As a data scientist, I’m obsessed with over-fitting everything I can. I want two things with my models:

  • To fit a model that can plot the steep increase in EGA count seen near Kansas City

  • To determine if a different predictor variable can be used for EGA count

Looking at the NLCD website, it looks like cultivated crops fits a better definition of the vegetation I recall giving me ticks during summer concerts in that area, so I’ll fit the models to that variable as well.

Variable Prep

# using the img file is significantly faster than the url
# dear god
# https://www.dropbox.com/scl/fi/ew7yzm93aes7l8l37cn65/KS_2011_NLCD.img?rlkey=60ahyvxhq18gt0yr47tuq5fig&e=1&dl=0
rl.nlcd2011 <- raster("KS_2011_NLCD.img")
## Warning: Too large for int: nan (GDAL error 1)
## Warning: Too large for int: nan (GDAL error 1)
plot(rl.nlcd2011)
## Warning: Too large for int: nan (GDAL error 1)
## Warning: Too large for int: nan (GDAL error 1)
## Warning: Too large for int: nan (GDAL error 1)
## Warning: Too large for int: nan (GDAL error 1)

# original grassland variable selected for the formal study
rl.nlcd.grass <- rl.nlcd2011
rl.nlcd.grass[] <- ifelse(rl.nlcd.grass[]==71,1,0)
## Warning: Too large for int: nan (GDAL error 1)
## Warning: Too large for int: nan (GDAL error 1)
## Warning: Too large for int: nan (GDAL error 1)
## Warning: Too large for int: nan (GDAL error 1)
plot(rl.nlcd.grass)

# raster of cultivated crops
rl.nlcd.cul <- rl.nlcd2011
rl.nlcd.cul[] <- ifelse(rl.nlcd.cul[]==82,1,0)
## Warning: Too large for int: nan (GDAL error 1)
## Warning: Too large for int: nan (GDAL error 1)
## Warning: Too large for int: nan (GDAL error 1)
## Warning: Too large for int: nan (GDAL error 1)
plot(rl.nlcd.cul)

# calculate percentage of land area that is grassland
# within 5 km of sampled location
df.aph$grass.perc <- unlist(lapply(extract(rl.nlcd.grass,pts.sample,buffer=5000),mean))*100
## Warning in .local(x, y, ...): Transforming SpatialPoints to the crs of the
## Raster
hist(df.aph$grass.perc,col="grey",main="",xlab="% grassland within \n5 km at sample location")
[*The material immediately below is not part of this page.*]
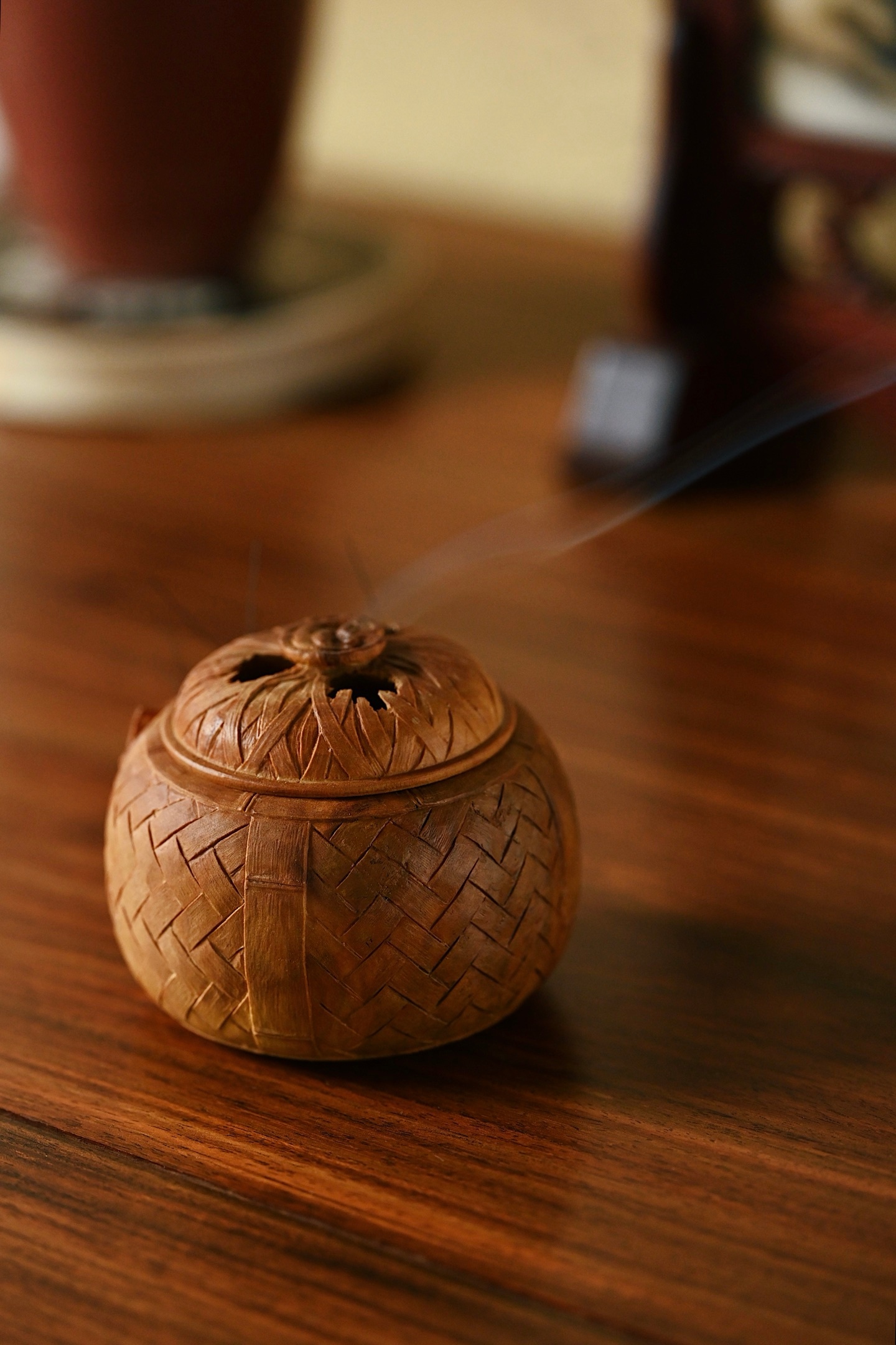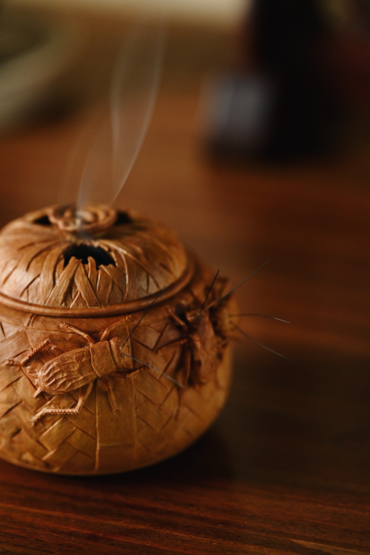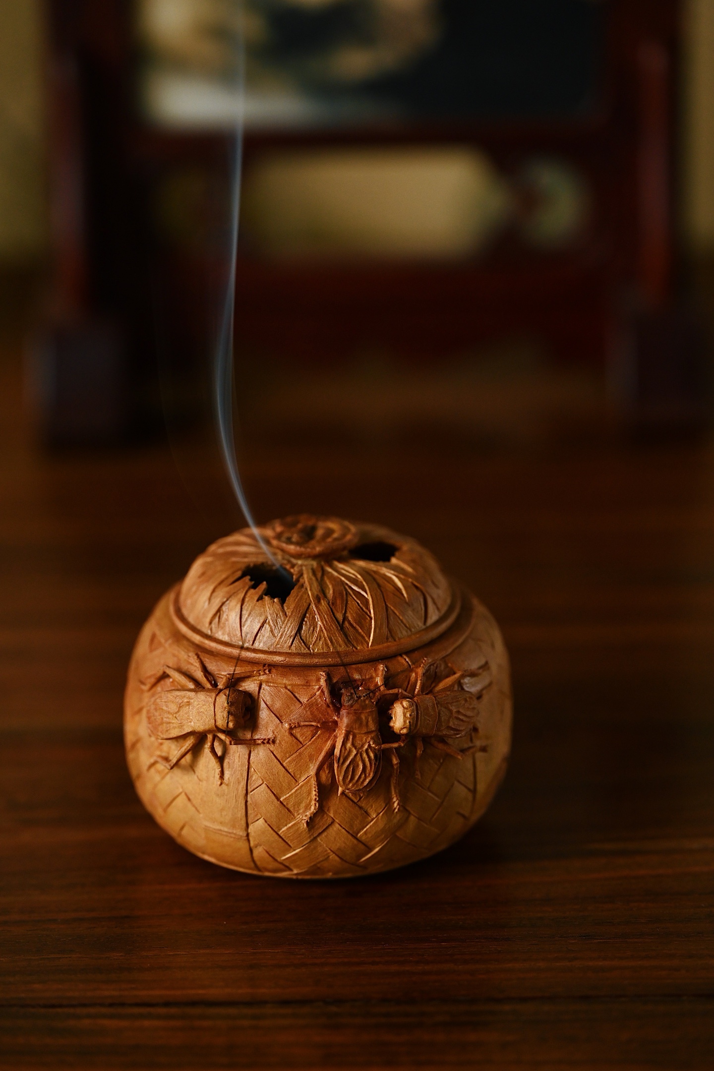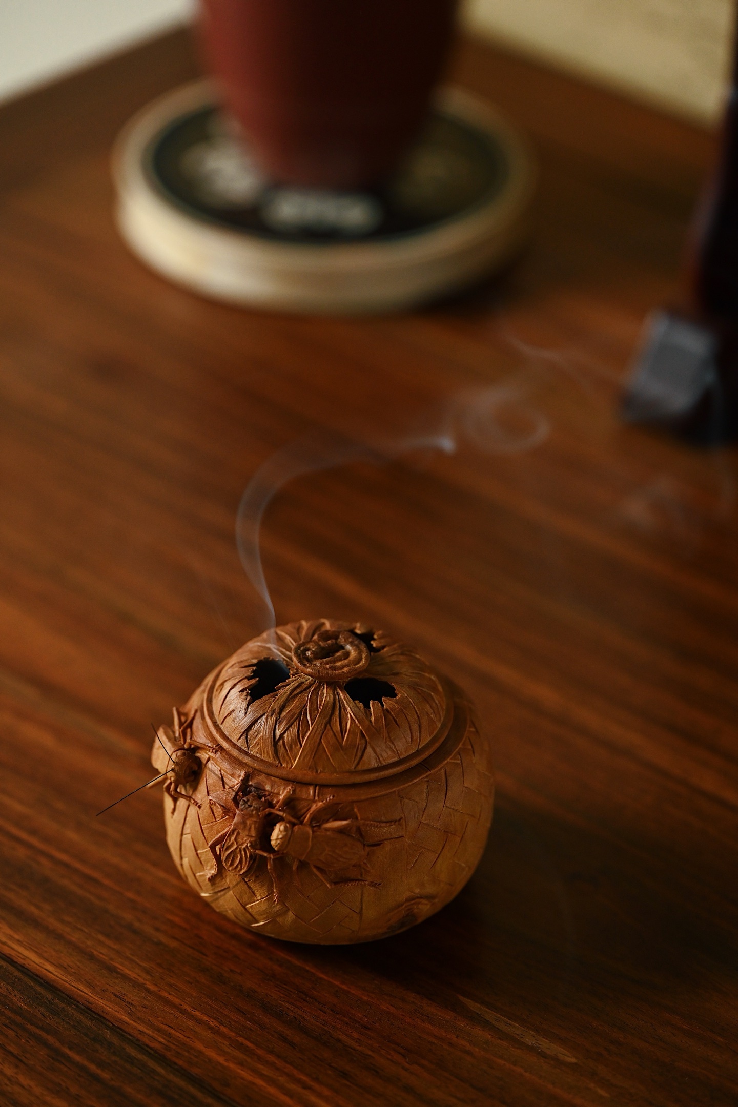 以竹篓为形,以蟋蟀为饰,将乡野秋趣凝于方寸。炉身竹编纹理细密如织,蟋蟀触须纤长灵动,仿佛在竹篓间嬉戏。焚香时轻烟袅袅,具文人赏玩的清雅意趣。

# calculate percentage of land area that is cultivated crops
# within 5 km of sampled location
df.aph$cul.perc <- unlist(lapply(extract(rl.nlcd.cul,pts.sample,buffer=5000),mean))*100
## Warning in .local(x, y, ...): Transforming SpatialPoints to the crs of the
## Raster
hist(df.aph$cul.perc,col="grey",main="",xlab="% cultivated land within \n5 km at sample location")

Grass Model Fitting

I’m using 4 “models”. Realistically, two of them are Poisson models fit to machine learning programs. gbm() allowing me to make use of the decision tree system (all models of decision trees suggest the creator of the convention hadn’t ever seen a tree) and rpart() will allow for the failure/deletion process for model paths with low predictive accuracy.

As with all machine learning programs there’s the concern of over-fitting and low forecasting efficacy.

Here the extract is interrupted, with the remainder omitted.